_PROBLEM REQUIREMENTS:_ Once you reach the line with "越南国家主席陈大光同越南驻印" below, copy each line exactly, stopping after the line with "Bracciale elastico realizzato", and skip any pictures.
═══ DATASET EXCERPTS
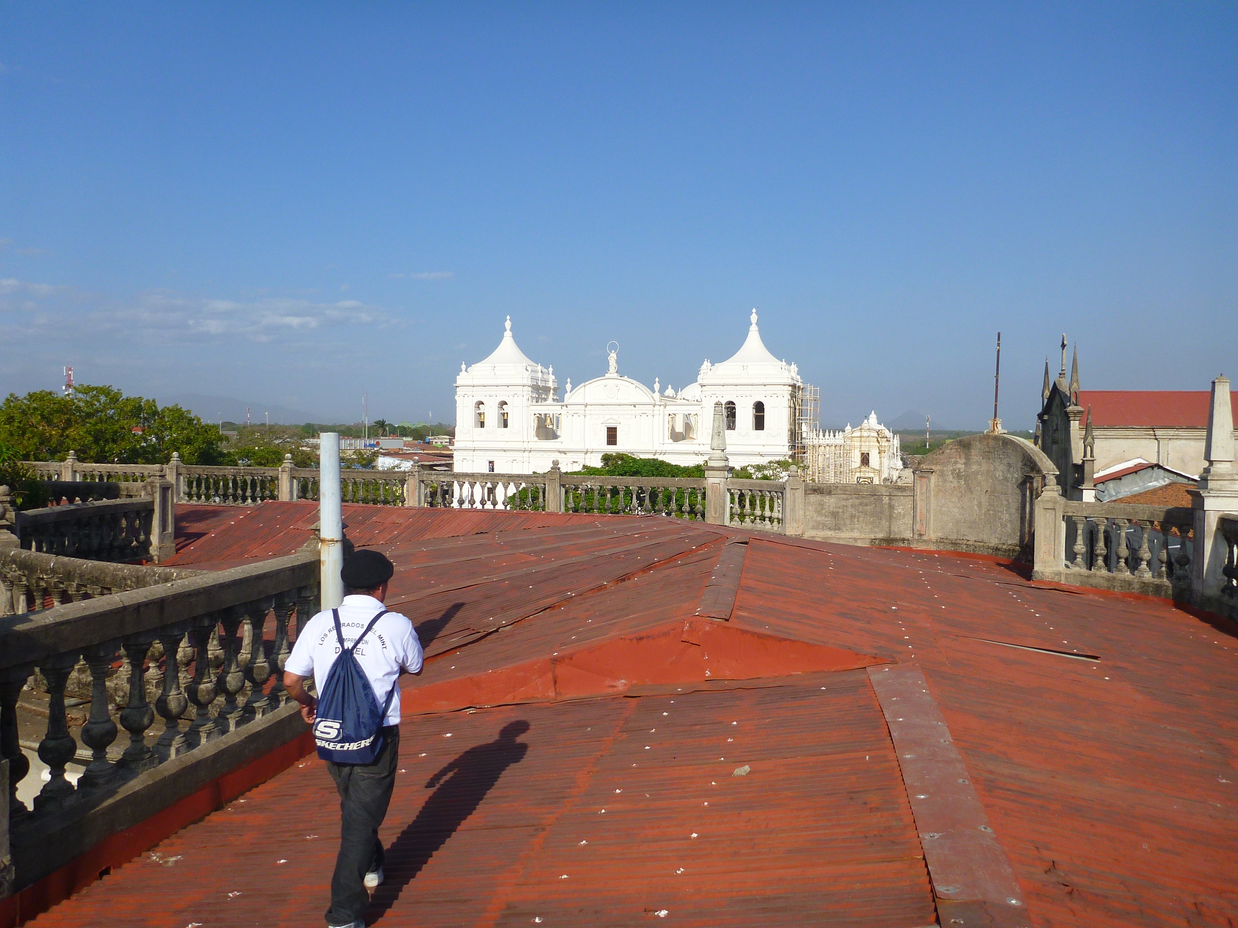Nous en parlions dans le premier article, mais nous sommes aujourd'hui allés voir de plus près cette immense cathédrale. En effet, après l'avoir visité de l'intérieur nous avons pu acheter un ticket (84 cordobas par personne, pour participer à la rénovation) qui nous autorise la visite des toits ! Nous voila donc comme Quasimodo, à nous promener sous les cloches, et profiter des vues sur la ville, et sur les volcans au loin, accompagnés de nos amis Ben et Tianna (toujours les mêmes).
══════
═══ DATASET EXCERPTS
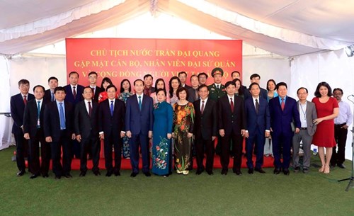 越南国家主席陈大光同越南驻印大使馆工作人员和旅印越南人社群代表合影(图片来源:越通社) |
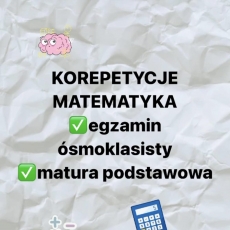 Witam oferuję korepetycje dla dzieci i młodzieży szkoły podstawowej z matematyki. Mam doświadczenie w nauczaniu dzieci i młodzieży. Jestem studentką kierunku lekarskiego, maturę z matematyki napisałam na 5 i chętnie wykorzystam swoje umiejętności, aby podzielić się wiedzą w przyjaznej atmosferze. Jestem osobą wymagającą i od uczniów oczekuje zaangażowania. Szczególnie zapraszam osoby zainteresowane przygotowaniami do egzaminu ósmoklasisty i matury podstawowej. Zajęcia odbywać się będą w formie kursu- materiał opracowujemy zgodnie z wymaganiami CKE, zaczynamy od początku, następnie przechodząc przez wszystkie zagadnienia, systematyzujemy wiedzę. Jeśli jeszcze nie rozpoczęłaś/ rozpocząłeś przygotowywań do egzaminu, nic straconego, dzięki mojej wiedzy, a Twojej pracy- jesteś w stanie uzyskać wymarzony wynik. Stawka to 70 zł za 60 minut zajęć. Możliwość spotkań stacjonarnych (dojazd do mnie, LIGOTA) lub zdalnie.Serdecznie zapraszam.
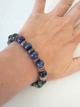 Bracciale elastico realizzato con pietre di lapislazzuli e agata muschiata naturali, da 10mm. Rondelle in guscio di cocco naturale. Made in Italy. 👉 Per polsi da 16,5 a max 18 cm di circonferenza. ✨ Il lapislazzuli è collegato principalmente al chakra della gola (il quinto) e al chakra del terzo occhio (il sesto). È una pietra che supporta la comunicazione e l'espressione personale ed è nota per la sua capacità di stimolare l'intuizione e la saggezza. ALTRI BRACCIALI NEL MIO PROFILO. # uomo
══════
═══ DATASET EXCERPTS
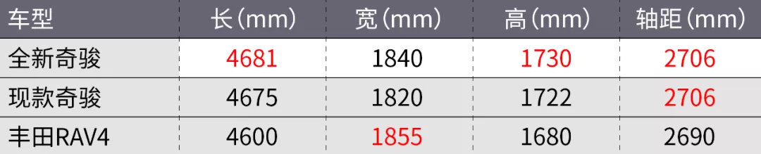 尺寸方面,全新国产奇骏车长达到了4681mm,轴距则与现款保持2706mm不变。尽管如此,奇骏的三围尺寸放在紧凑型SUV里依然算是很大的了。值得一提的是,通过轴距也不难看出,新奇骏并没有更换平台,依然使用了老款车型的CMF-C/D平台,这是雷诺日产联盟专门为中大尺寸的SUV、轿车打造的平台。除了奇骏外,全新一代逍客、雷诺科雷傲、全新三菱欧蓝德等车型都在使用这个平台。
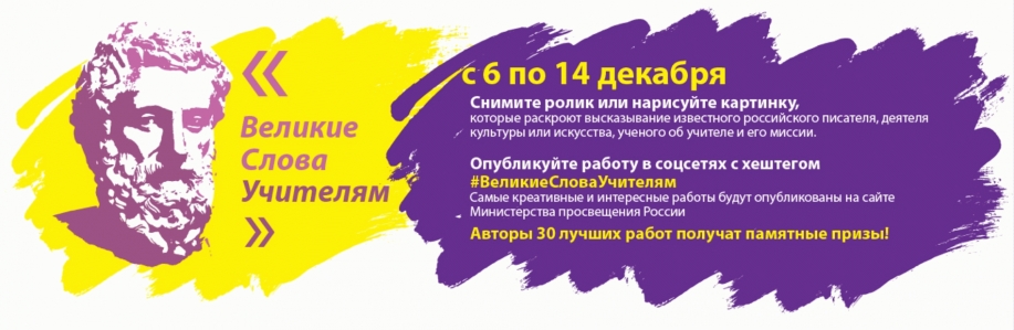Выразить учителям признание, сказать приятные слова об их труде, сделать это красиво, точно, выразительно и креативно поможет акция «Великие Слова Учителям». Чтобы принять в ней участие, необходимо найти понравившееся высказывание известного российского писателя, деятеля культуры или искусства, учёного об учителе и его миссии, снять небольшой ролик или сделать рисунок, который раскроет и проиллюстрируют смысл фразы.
══════
_OUTPUT OF THE TASK:_
 越南国家主席陈大光同越南驻印大使馆工作人员和旅印越南人社群代表合影(图片来源:越通社) |
 Witam oferuję korepetycje dla dzieci i młodzieży szkoły podstawowej z matematyki. Mam doświadczenie w nauczaniu dzieci i młodzieży. Jestem studentką kierunku lekarskiego, maturę z matematyki napisałam na 5 i chętnie wykorzystam swoje umiejętności, aby podzielić się wiedzą w przyjaznej atmosferze. Jestem osobą wymagającą i od uczniów oczekuje zaangażowania. Szczególnie zapraszam osoby zainteresowane przygotowaniami do egzaminu ósmoklasisty i matury podstawowej. Zajęcia odbywać się będą w formie kursu- materiał opracowujemy zgodnie z wymaganiami CKE, zaczynamy od początku, następnie przechodząc przez wszystkie zagadnienia, systematyzujemy wiedzę. Jeśli jeszcze nie rozpoczęłaś/ rozpocząłeś przygotowywań do egzaminu, nic straconego, dzięki mojej wiedzy, a Twojej pracy- jesteś w stanie uzyskać wymarzony wynik. Stawka to 70 zł za 60 minut zajęć. Możliwość spotkań stacjonarnych (dojazd do mnie, LIGOTA) lub zdalnie.Serdecznie zapraszam.
 Bracciale elastico realizzato con pietre di lapislazzuli e agata muschiata naturali, da 10mm. Rondelle in guscio di cocco naturale. Made in Italy. 👉 Per polsi da 16,5 a max 18 cm di circonferenza. ✨ Il lapislazzuli è collegato principalmente al chakra della gola (il quinto) e al chakra del terzo occhio (il sesto). È una pietra che supporta la comunicazione e l'espressione personale ed è nota per la sua capacità di stimolare l'intuizione e la saggezza. ALTRI BRACCIALI NEL MIO PROFILO. # uomo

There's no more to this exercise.